Who are the people and voices that you’ve read or interacted with that you feel really connected to, that allowed you to tell some of these stories?
I always feel compelled to reference my mentor, Myung Mi Kim, who is really important to me, and helped me to figure out the best ways for me to speak the unspeakable things I was trying to speak. Through her inarticulation, or un-articulation, she helped me think about being displaced, a perennial refugee- someone who’s always in between spaces because the place she is from no longer exists. In her work trying to negotiate that, she really helped me to figure out a possibility for experiences and ways of being that really have no language.
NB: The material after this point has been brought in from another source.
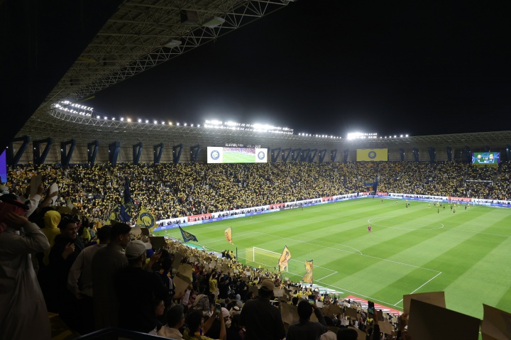 02月07日讯 沙特联第21轮,利雅得胜利对阵吉达联合。比赛第7分钟,胜利球迷全场高举C罗的7号声援队长。

And if they have no language, and you’re using language, then you’re in a real wicked bind. [laughs] You gotta figure that out. And really, I also love a lot of visual artists. I love the conceptual artist Adrian Piper. I like work that has a lot of layers to it. For some reason, it’s just what I’m attracted to- things that you have to figure out, or that have multiple layers in terms of the way that they’re trying to make media. It’s not so present that you just crack it immediately.